TypeError: expected string or buffer
Opened this issue · 13 comments
Sometimes it runs, sometimes it doesn't.
[14:22:38] INFO::email_crawler - Crawling http://www.google.com.au/search?q=electrician&start=0
[14:22:39] ERROR::email_crawler - Exception at url: http://www.google.com.au/search?q=electrician&start=0
HTTP Error 503: Service Unavailable
[14:22:39] ERROR::email_crawler - EXCEPTION: expected string or buffer
+1 Same here!
+1 Same here. Could you please suggest a fix for this? Thank you
+1 Same problem
python email_crawler.py "intext:gmail filetype:csv"

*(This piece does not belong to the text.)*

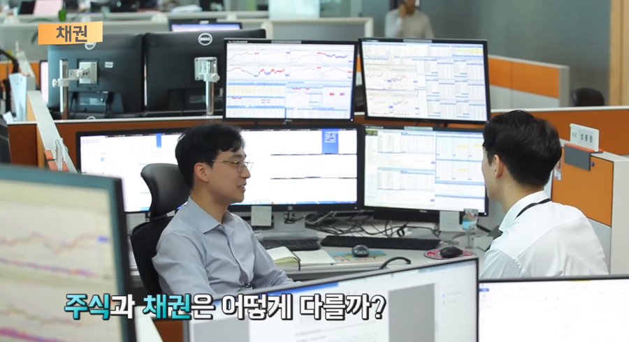 주식은 요즘 *HTS를 통해 개인적으로도 매수하고 매도할 수 있습니다. 채권은 주로 장외거래로 이루어져 있는데요. 메신저를 통해서 중개인과 매수/매도자들이 ‘사자’, ‘팔자’를 하며 거래를 하게 됩니다.

[10:14:12] INFO::email_crawler - ----------------------------------------
[10:14:12] INFO::email_crawler - Keywords to Google for: intext:gmail filetype:csv
[10:14:12] INFO::email_crawler - ----------------------------------------
[10:14:12] INFO::email_crawler - Crawling http://www.google.com/search?q=intext%3Agmail+filetype%3Acsv&start=0
[10:14:14] INFO::email_crawler - Crawling http://www.google.com/search?q=intext%3Agmail+filetype%3Acsv&start=10
...
[10:14:59] ERROR::email_crawler - Exception at url: http://www.google.com/search?q=intext%3Agmail+filetype%3Acsv&start=390
HTTP Error 503: Service Unavailable
[10:14:59] ERROR::email_crawler - EXCEPTION: expected string or buffer
Traceback (most recent call last):
File "email_crawler.py", line 212, in <module>
crawl(arg)
File "email_crawler.py", line 65, in crawl
for url in google_url_regex.findall(data):
TypeError: expected string or buffer
same problem
issue still not resolved, same here with the last version cloned from git on my linux
I still have a problem with "TypeError: expected string or buffer" . Can anyone help?

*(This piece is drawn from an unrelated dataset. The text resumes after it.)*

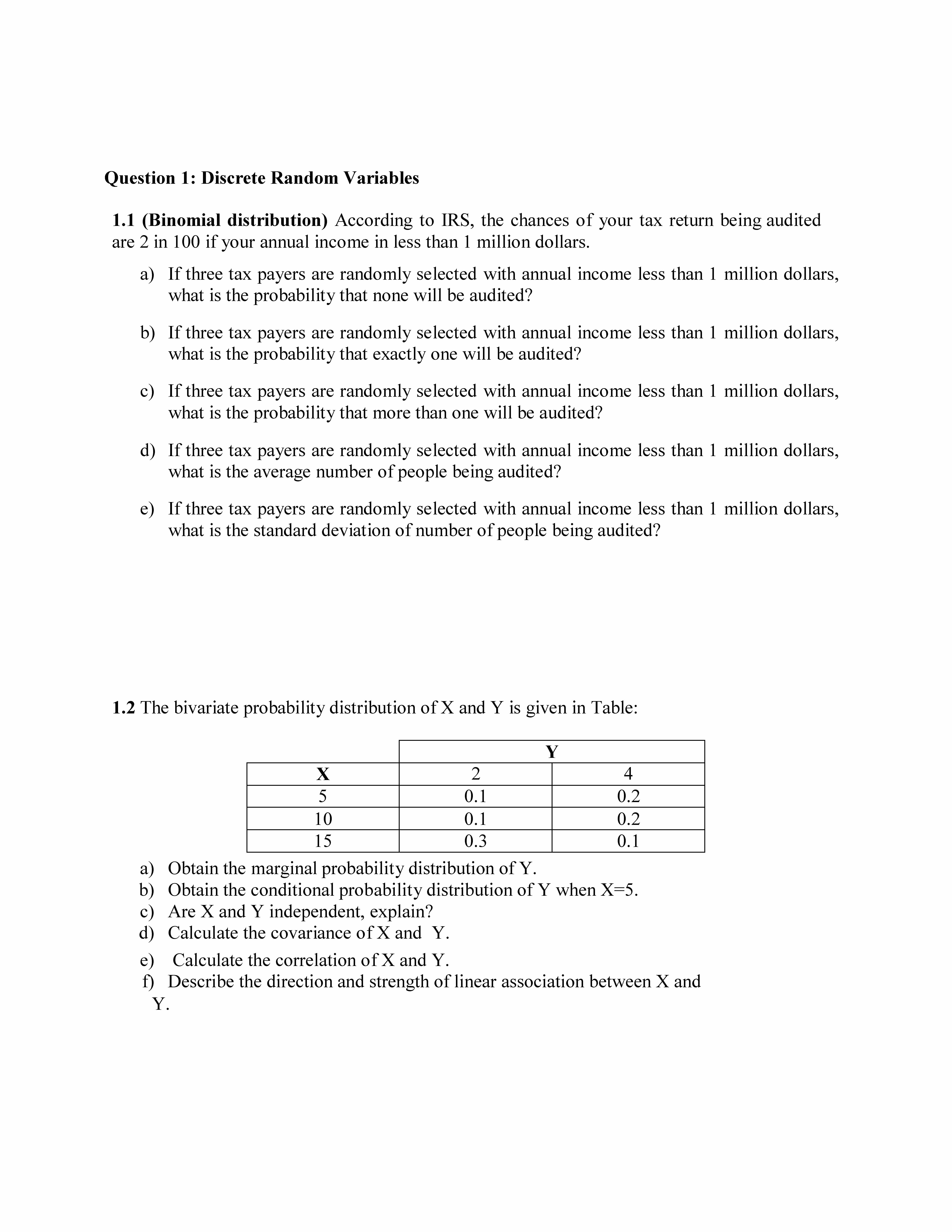 Question 1: Discrete Random Variables 1.1 (Binomial distribution) ...

Have the same issue as well
Here is a solution to your problem;
- Open the file
email_crawler.py
(If you are using the terminal usenano email_crawler.py
to edit the file) - Go to the 24th line saying
MAX_SEARCH_RESULTS = 500
and then change it toMAX_SEARCH_RESULTS = 100
Note that the reason behind this is that due to the fact that the scripts crawls 500 pages of google, the later treats the requests as spam and proceeds accordingly as if it's a spam-like script trying to scrape the internet using Google's search engine.

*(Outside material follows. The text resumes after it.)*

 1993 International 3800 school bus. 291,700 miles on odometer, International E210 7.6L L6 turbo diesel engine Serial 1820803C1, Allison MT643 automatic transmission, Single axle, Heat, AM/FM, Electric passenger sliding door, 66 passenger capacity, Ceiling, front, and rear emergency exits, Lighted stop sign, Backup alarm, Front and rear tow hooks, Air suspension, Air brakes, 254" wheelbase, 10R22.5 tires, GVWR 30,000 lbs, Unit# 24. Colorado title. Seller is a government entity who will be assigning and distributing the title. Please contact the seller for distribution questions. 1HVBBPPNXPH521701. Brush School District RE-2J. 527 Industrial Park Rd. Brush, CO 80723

I've got it too, and what @kevingatera didn't work
the exact error I get is
It happens before it even gets the second page done so it's not the script being blocked
:~/python-email-crawler$ python email_crawler.py "ios developers" [19:05:06] INFO::email_crawler - ---------------------------------------- [19:05:06] INFO::email_crawler - Keywords to Google for: ios developers [19:05:06] INFO::email_crawler - ---------------------------------------- [19:05:06] INFO::email_crawler - Crawling http://www.google.com/search?q=ios+developers&start=0 [19:05:06] ERROR::email_crawler - Exception at url: http://www.google.com/searchq=ios+developers&start=0 HTTP Error 503: Service Unavailable [19:05:06] ERROR::email_crawler - EXCEPTION: expected string or buffer traceback (most recent calll ast): File "email_crawler.py", line 212, in <module> crawl(arg) File "email_crawler.py", line 65, in crawl for url in google_url_regex.findall(data) typeError: expected string or buffer
@charlieporth1 What's happening is that Google blocks your IP almost as soon as they get your request. Using another computer/IP will work.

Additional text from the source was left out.